Introduction to MIFARE Classic¶
MIFARE is a contactless card technology that was introduced in 1994. it was primarily used for transport passes, but its technological capabilities quickly made it one among the most popular smart cards for storing data and providing access control.
All MIFARE cards follow the ISO14443A industry-standard requirement and, like other contactless cards, use an antenna and chip that reacts once a card is within the field of a reader. All MIFARE® cards operate at a 13.56MHz frequency and are made by NXP Semiconductors.

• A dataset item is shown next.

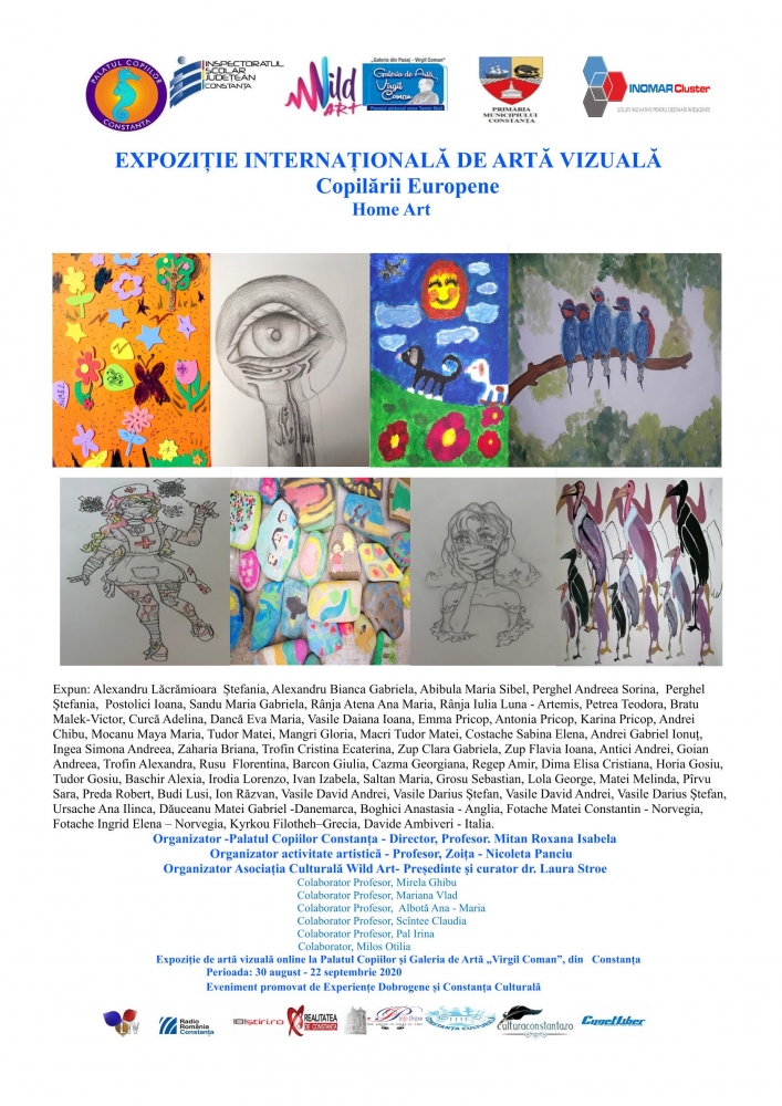 Duminică, 30 august, 2020 pe simezele virtuale ale Palatului Copiilor din Constanța https://ro-ro.facebook.com/pages/category/Education/Palatul-Copiilor-Constanta-1977834722445621/și pe cele ale Galeriei de Artă Virgil Coman https://www.facebook.com/Galeria-de-Arta-Virgil-Coman-1889146844434561/ s-a inaugurat expoziția internațională Copilării europene.

What are the key benefits of a MIFARE card?¶
The beauty of MIFARE technology is that it allows for multiple application uses which is something the cards don't. They include:
- Multiple application uses
- Enhanced security encryption that's difficult to clone
- A unique serial number
Security analysis of MIFARE Classic¶
The MIFARE Classic has been scrutinized over recent years and whilst a large amount of the criticism is well justified as many problems arose with the use of RFID.
MIFARE Classic communication is based on the ISO 14443 standard. The memory within the card is split in data blocks, which are successively grouped in sectors. Each sector contains two secret 48-bit keys, shared with authentic readers. A reader will must authenticate at least one of the keys to access data and perform operations in a particular sector.
The MIFARE Classic uses a 3-pass mutual authentication. After identification on its UID, card and reader authenticate to each other. Nonces within the card are generated by using a PRNG. Following authentication, communication between the reader and the card is encrypted. Both authentication and encryption are done using the CRYPTO1 algorithm, a proprietary cipher designed by NXP.
Process of cracking MIFARE Classic¶
It was already well-known that the CRYPTO1 algorithm made use of 48-bit keys. Due to this relatively short length, knowledge of the main points of the cipher would allow researchers to brute-force the algorithm for recovering of the key. Unfortunately, the short key length isn't the sole problem for CRYPTO1 because it also suffers from other weaknesses.
By exploiting the weaknesses of the PRNG one can mount replay attacks. Exploiting the cryptographic flaws within the CRYPTO1 allows one to mount key recovery attacks within in no time.
An attacker can also be capable of eavesdropping an exchange between a reader and a card, recover the secret keys, and clone the card with little to no effort.